The present invention is method of producing penetrating pump capsule as one new dosage form from common capsule. This kind of new dosage has the features of both common gastric coated capsule and enteric coated capsule and its medicine is controlled to release safely and in long action and absorbed in both stomach and intestines in certain propertion. With material similar those in common capsule, the medicine and active penetrating supplementary material are filled into capsule, and the capsule coating is coated with coating liquid in certain thickness before one or several holes are drilled.
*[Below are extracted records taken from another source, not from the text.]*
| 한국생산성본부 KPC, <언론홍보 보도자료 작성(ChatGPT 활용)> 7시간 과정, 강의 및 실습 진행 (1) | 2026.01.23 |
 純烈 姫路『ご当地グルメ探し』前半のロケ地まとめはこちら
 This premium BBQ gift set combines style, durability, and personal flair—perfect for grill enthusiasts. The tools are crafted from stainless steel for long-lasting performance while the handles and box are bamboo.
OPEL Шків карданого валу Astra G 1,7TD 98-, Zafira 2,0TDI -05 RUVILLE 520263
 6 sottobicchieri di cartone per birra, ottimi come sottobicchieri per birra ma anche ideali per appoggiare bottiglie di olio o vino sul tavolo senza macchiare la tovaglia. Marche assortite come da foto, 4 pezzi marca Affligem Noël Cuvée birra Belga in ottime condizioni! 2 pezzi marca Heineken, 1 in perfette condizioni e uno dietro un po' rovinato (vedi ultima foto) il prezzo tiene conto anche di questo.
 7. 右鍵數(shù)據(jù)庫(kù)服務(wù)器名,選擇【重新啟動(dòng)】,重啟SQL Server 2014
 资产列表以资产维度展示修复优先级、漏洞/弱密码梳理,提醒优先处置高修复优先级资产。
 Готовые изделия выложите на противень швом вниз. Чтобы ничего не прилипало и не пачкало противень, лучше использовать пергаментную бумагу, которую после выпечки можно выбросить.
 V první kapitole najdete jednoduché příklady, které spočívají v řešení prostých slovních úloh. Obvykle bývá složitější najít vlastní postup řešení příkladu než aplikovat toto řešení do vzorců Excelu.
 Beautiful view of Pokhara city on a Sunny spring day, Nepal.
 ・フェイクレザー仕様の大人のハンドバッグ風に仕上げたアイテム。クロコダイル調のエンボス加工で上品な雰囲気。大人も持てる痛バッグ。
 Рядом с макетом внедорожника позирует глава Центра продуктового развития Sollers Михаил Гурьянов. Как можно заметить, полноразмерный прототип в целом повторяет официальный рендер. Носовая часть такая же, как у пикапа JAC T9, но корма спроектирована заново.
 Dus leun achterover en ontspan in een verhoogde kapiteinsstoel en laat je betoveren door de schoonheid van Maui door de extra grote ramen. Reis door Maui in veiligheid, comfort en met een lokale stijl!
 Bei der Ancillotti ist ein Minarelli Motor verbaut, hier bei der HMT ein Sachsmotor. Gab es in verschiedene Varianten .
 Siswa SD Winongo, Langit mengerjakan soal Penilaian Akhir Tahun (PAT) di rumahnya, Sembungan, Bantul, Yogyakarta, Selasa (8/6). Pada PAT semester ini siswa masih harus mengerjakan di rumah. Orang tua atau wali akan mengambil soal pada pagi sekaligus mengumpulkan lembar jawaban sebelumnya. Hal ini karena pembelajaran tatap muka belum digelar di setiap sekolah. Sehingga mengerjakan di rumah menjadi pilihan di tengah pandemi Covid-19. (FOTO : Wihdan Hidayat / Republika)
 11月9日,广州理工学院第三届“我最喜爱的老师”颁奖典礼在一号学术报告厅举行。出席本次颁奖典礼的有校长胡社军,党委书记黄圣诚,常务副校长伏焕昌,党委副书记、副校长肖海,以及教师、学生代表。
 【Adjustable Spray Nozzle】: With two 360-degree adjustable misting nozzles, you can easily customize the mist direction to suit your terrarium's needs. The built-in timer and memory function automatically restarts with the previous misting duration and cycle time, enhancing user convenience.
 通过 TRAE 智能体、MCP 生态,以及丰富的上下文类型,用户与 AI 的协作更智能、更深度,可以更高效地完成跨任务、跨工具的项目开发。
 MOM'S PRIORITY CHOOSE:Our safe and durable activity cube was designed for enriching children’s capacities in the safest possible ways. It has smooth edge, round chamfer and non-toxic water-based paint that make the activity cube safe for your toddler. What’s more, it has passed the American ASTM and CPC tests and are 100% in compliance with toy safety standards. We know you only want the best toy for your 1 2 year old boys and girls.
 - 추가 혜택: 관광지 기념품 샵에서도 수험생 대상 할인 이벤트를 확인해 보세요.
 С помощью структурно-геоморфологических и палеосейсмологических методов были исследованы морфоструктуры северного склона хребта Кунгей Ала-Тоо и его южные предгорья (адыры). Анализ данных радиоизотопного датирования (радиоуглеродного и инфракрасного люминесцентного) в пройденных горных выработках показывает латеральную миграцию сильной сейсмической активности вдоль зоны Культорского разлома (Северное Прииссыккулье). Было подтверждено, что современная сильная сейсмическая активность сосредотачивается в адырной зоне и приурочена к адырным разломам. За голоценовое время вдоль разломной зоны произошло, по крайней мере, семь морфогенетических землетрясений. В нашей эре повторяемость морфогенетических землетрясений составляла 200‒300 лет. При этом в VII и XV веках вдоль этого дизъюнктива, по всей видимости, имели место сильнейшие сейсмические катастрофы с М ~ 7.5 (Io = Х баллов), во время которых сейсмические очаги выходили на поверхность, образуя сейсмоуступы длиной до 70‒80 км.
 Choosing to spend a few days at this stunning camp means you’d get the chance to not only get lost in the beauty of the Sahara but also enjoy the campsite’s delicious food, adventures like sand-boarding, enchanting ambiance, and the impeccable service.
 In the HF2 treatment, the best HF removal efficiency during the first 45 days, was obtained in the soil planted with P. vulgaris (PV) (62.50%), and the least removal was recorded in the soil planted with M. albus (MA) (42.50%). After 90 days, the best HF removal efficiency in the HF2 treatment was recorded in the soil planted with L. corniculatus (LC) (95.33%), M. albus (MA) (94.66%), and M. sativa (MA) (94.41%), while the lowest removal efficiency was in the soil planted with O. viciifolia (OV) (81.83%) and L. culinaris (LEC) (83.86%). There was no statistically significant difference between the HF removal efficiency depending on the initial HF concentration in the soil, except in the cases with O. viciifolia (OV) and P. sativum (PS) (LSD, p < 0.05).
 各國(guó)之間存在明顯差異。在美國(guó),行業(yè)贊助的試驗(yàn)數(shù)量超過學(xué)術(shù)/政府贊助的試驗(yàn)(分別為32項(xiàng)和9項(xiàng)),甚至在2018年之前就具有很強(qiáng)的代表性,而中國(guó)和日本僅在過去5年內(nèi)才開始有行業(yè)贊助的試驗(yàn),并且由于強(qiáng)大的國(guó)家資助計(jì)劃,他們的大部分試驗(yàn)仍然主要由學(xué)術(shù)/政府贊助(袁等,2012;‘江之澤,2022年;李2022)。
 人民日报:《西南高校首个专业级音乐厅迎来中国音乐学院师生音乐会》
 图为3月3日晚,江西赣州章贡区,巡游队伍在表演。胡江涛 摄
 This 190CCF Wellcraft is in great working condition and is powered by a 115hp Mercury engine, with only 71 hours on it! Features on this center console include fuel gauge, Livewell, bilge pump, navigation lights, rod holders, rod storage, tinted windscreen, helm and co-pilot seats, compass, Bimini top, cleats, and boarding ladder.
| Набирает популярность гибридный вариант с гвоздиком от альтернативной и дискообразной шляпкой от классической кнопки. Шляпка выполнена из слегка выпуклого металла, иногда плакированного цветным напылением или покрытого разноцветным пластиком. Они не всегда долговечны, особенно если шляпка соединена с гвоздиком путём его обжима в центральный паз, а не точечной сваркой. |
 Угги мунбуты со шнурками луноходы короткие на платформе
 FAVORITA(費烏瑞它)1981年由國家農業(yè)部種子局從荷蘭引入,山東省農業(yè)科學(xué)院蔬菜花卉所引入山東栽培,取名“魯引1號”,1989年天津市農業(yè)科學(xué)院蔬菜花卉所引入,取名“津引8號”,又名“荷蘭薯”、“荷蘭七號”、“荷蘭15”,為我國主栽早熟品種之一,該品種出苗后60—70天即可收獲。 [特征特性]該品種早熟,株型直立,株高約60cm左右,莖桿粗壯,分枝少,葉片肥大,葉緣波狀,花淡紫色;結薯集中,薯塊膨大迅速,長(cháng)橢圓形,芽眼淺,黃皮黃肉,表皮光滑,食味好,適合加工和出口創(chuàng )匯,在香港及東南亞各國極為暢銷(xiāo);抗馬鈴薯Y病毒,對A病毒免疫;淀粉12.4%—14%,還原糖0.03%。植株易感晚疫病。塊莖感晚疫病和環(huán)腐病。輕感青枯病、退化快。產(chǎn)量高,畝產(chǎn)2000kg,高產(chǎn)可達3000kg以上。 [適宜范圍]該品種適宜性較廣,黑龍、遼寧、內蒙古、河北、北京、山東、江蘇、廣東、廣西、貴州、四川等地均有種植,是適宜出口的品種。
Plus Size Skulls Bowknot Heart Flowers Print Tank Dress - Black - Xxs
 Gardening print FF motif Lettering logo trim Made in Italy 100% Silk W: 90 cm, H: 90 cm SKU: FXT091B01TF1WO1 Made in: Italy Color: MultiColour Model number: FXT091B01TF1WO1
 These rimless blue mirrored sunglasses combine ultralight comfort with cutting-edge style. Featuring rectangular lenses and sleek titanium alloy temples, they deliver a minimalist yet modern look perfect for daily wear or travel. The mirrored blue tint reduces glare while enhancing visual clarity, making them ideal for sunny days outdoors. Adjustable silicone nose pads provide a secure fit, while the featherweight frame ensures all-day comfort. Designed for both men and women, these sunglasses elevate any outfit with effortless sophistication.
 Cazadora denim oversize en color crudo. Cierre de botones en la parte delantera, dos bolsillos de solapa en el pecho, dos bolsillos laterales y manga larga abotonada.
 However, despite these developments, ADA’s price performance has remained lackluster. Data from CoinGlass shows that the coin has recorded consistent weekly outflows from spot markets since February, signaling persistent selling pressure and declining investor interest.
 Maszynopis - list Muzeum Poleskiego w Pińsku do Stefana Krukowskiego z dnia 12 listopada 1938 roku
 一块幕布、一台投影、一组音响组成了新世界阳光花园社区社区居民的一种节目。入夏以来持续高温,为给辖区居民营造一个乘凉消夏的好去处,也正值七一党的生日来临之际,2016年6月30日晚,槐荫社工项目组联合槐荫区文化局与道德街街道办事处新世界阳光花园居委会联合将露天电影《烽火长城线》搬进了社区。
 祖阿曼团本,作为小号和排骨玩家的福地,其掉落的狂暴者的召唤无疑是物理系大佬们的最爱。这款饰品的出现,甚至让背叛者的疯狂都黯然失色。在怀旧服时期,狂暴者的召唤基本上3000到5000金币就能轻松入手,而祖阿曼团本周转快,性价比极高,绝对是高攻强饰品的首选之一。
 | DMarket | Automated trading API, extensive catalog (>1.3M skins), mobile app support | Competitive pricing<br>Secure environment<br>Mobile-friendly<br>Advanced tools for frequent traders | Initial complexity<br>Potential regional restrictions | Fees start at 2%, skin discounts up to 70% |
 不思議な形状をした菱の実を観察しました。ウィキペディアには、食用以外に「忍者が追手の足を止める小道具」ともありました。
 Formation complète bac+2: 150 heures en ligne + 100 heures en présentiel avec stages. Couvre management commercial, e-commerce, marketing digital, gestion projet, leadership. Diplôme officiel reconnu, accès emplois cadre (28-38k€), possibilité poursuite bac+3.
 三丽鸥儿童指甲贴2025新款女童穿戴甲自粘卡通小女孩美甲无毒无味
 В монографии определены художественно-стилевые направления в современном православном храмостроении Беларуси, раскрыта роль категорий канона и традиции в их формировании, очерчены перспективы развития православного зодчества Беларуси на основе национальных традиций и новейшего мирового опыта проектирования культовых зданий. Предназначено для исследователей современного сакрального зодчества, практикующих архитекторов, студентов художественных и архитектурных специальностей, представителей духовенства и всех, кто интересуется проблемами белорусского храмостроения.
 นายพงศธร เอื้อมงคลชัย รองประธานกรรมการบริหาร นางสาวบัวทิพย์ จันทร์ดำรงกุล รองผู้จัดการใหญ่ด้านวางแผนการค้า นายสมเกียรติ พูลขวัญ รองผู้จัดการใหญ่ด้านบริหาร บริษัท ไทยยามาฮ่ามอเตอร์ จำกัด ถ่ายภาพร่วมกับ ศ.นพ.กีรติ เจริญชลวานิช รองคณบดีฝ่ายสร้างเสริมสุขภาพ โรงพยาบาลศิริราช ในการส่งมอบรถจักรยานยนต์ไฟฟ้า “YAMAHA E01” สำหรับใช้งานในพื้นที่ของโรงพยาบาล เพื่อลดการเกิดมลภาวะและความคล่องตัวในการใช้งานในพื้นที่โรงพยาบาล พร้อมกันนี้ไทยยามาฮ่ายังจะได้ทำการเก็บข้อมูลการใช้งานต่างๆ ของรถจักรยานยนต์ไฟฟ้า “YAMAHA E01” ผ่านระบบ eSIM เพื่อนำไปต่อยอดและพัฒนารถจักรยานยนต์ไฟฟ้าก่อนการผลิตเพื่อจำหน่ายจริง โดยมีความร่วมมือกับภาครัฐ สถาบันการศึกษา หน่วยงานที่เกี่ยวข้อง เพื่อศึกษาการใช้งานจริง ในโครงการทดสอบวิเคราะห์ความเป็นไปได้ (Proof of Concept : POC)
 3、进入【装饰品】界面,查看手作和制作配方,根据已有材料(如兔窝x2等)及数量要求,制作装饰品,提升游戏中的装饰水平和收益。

The invention discloses an injection molding method and device for preparing a large-size high-temperature-resistant and high-pressure-resistant expansion coated capsule from ultrahigh-viscosity silicone rubber. Part of the composite material has a large-size complex internal structure, so that the composite material has difficulties in preparing and demoulding processes, and the problems of uneven mixing, poor storage and the like of the double-component high-viscosity rubber in a rubber injection process are extremely prone to occurring during injection molding. The invention provides the injection molding method and device for preparing the large-size high-temperature-resistant and high-pressure-resistant expansion coated capsule from the ultrahigh-viscosity silicone rubber in order tosolve the problems, and relates to a two-component resin tank, an extrusion device, a vacuum device, a mixer and a mold. A material A and a material B are independently stored in the material storagebox, a vacuum device is connected into the material storage box, the material A and the material B in a ratio of x:y can be extruded into the mixer through an extrusion device during use, the mixed material passes through the mutichannel mixer during injection into the mold, rotating blades are installed in the mixer, and finally the mixed material is injected into the mold. According to the invention, rubber products with certain thickness, temperature resistance, long size and anisotropy can be produced.